As everyone made their way to different corners and started talking amongst themselves about how to convince others to come to their corner, Josh held the microphone away from him and leaned in close. “What’s your guess on this one?”
He’d asked after every question and they’d each given their predictions. It put him in such close proximity that Chloe nearly forgot to breathe, which didn’t help with her desire to only say clever things around him. Neither did the fact that he smelled amazing. “I’m going to guess ‘Selfie with Mr. Petrocelli,’ because of the nostalgia factor and the fact that so many of us did it.”
Josh nodded. “I’m going with planking.”
The first three groups all managed to get people switching to their corner, which hadn’t happened with the previous questions. Chloe kept track of how many moved so she could figure out which team won the round. In the group that had chosen planking, Robbie Eldridge stepped forward as spokesperson.
“Well, we don’t have a ton to say about this, because what we want to convey doesn’t need words. Right, team?”
The moment he said “team,” everyone in the group moved in unison into a planking position. People lay face-down and straight as a board on the floor, on the steps to the stage, on the stage, and under the refreshments table.
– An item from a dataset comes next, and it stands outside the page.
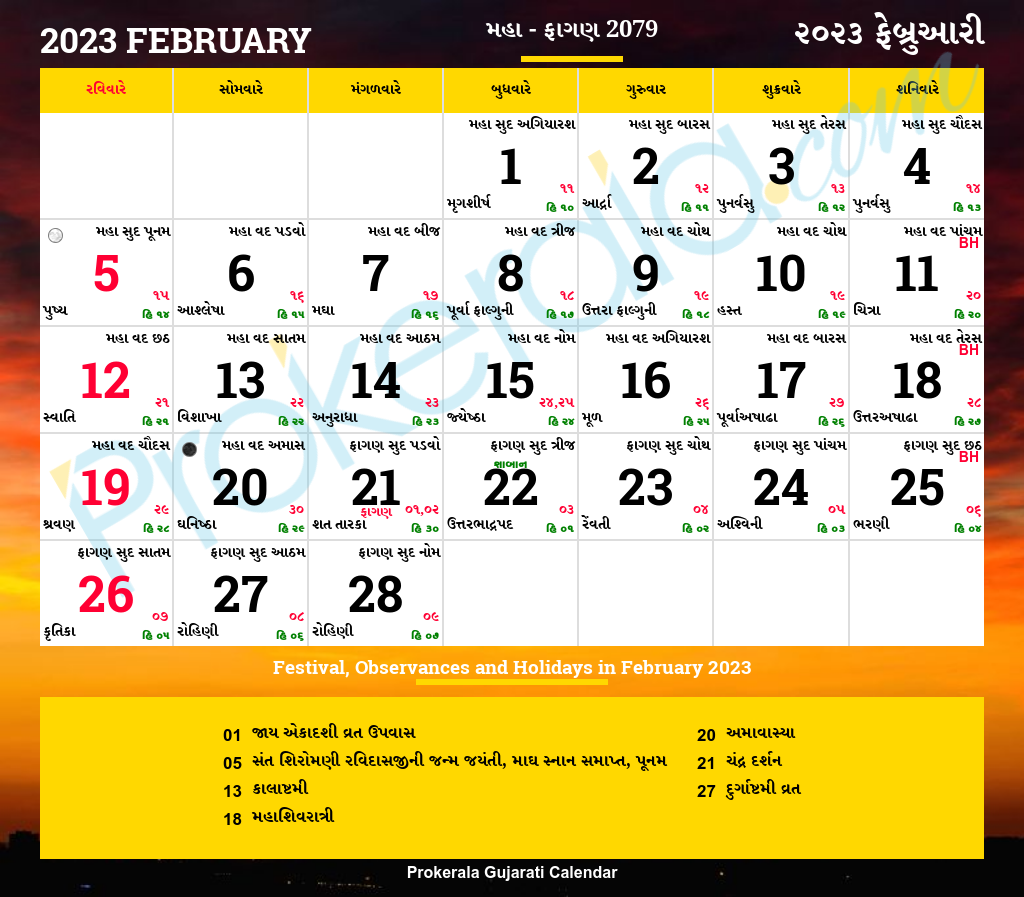 Gujarati Calendar February 2023 Vikram Samvat 2079 Maha Phaguna
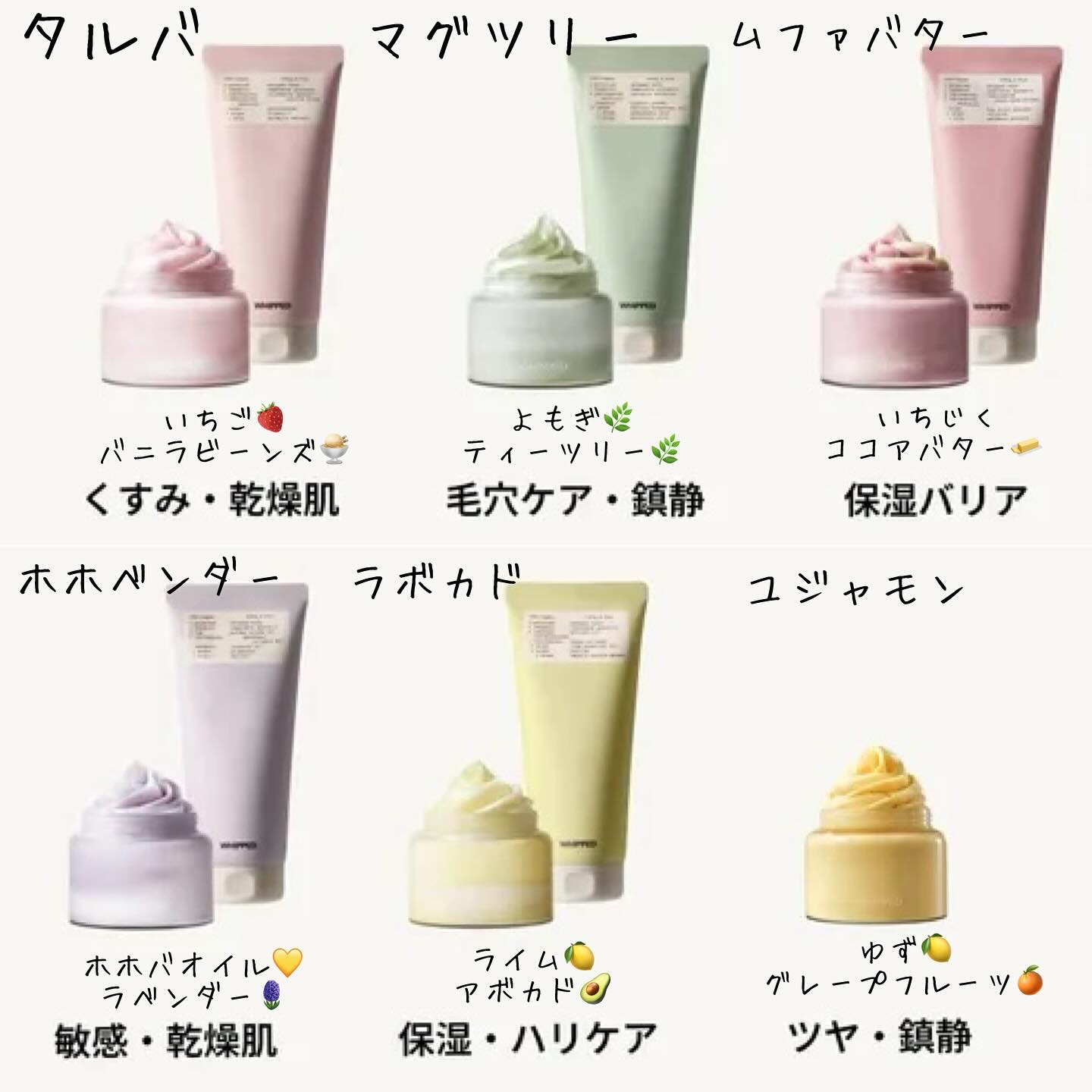 - <タルバ> グリセリン、ココイルイセチオン酸Na、精製水、ヤシ脂肪酸、ナイアシンアミド、セテアリルアルコール、1,2-ヘキサンジオール、ココベタイン、ミリスチン酸、イセチオン酸Na、ステアリン酸、ポリクオタニウム-67、アラキジン酸、セラミドNP、オレンジ果皮油、ラウリン酸、パルミチン酸、ヒアルロン酸 Na、いちごパウダー、レモン果皮油、ベルガモット果実油、ライム油、塩化Na、糖水解物、水添レシチン、オレイン酸、酢酸Na、クチナシ果実エキス、バニラ果実エキス、デキストリン、香料、リナロール、安息香酸ベンジル、シトラール、リモネン <ラボカド> グリセリン、ココイルイセチオン酸Na、精製水、ヤシ脂肪酸、ナイアシンアミド、1,2-ヘキサンジオール、セテアリルアルコール、ココ ベタイン、アボカド油、ミリスチン酸、イセチオン酸Na、ステアリン酸、デ ヒドロ酢酸Na、レモン果皮油、BG、ヒアルロン酸Na、ツボクサエキス、バニラ果実エキス、クチナシ果実エキス、ラウリン酸、セラミドNP、グレープフルーツ果皮油、ライム 油、オレイン酸、パルミチン酸、塩化Na、ポリクオタニウム-67、デキストリ ン、水添レシチン、アラキジン酸、糖水解物、PG、シトラール、リモネン <ホホベンダー> グリセリン、ココイルイセチオン酸Na、精製水、ヤシ脂肪酸、ナイアシンアミド、セテアリルアルコール、1,2-ヘキサンジオール、ココベタイン、ミリスチン酸、イセチオン酸Na、ステアリン酸、ヒアルロン酸Na、水添レ シチン、パルミチン酸、ポリクオタニウム-67、ローズマリー油、オレイン酸、オレンジ 果皮油、セラミドNP、アラキジン酸、ホホバ種子油、塩化Na、クチナシ果実エキス、グレープフルーツ果皮油、D-パンテノール、酢酸Na、ラウリン酸、ラベンダー油、デキストリン、リナロール、リモネン <マグツリー> グリセリン、ココイルイセチオン酸Na、精製水、ヤシ脂肪酸、ナイアシンアミド、1,2-ヘキサンジオール、セテアリルアルコール、ココ ベタイン、ミリスチン酸、イセチオン酸Na、ステアリン酸、カワラヨモギパウダー、ツボクサエキス、セラミドNP、オレイン酸、BG、ラウリン酸、レモン果皮油 オレンジ果皮油、塩化Na、パルミチン酸、ゼラニウム油、ヒアルロン酸Na、水添レシ チン、酢酸Na、デキストリン、PG、ポリクオタニウム-67, アラキジン酸、クチナシ果実エ キス、ティーツリー葉油、ローズマリー油、ゲラニオール、シトロネロール、シトラール、リモネン、リナロール

Someone was even planking across the legs of three people who had gotten down on their hands and feet in a crab-walk position.
Josh chuckled and shook his head at the display. “I never really understood planking.”
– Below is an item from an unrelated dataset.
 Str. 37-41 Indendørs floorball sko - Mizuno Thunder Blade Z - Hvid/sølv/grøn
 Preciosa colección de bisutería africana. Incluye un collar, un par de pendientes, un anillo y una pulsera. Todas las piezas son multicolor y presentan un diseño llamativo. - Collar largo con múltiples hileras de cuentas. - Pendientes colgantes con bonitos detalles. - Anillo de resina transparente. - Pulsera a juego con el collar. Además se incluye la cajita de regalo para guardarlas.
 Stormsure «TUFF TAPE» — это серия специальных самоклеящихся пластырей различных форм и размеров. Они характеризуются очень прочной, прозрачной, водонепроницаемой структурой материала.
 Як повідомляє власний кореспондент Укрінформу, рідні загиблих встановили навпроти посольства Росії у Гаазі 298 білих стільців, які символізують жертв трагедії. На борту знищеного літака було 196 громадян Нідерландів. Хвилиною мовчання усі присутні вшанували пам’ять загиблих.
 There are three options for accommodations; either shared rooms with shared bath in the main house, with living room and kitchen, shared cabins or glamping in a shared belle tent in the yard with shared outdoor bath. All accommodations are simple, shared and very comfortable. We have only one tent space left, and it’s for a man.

“And that,” Robbie Eldridge s
aid, “is exactly why planking is the best viral trend of our senior year.”
Chloe hadn’t needed to keep track of each group’s numbers, because a good half of the people in all the other groups flocked to the planking group and did their own planking.
After she handed out all the tokens, she said to Josh, “We’ve created a monster.”
“But more importantly,” he leaned in so close, she could feel his breath on her ear, every nerve ending in her body zapping with electricity, “I won.”
Josh handed her the microphone and the paper with their questions and she suddenly wondered if her heart was beating loudly enough that the microphone was picking it up and everyone in the room could hear. Was it always this hot in here? She needed to breathe more. Everyone went back to the middle, so she tried to focus on the paper.
“And the last one is a ‘Would you rather’ question. Go to this corner if you’d rather take one of Miss Addington’s math tests. Go to the back left if you’d rather go to early morning attendance detention with Mr. Beauchene, back right if you’d rather give a presentation in Mrs. Rosekrans’s English Lit class, or this front corner if you’d rather see Josh’s abs.”
She hadn’t immediately realized that she’d said something wrong until the crowd reacted. “Sanchez’s labs! I meant go to this front corner if you’d rather do one of Mr. Sanchez’s labs! You know, for biology! Oh my goodness, I can’t believe I said that. Mr. Sanchez’s labs!” Maybe if she said the right thing enough, it would erase everyone’s memory of her saying “see Josh’s abs.” As hot as her face felt, it had to be fire engine red.
Tina Glasgow raised her hand. “You said ‘See Josh’s abs’ first—I vote we keep it that.”
Several others voiced their agreement, and soon nearly half the group was making their way to the front corner. With everyone buying into the mistake, this was never going to be forgotten. It was going to go down in SCHS history, and they’d still be talking about this moment at their fiftieth reunion.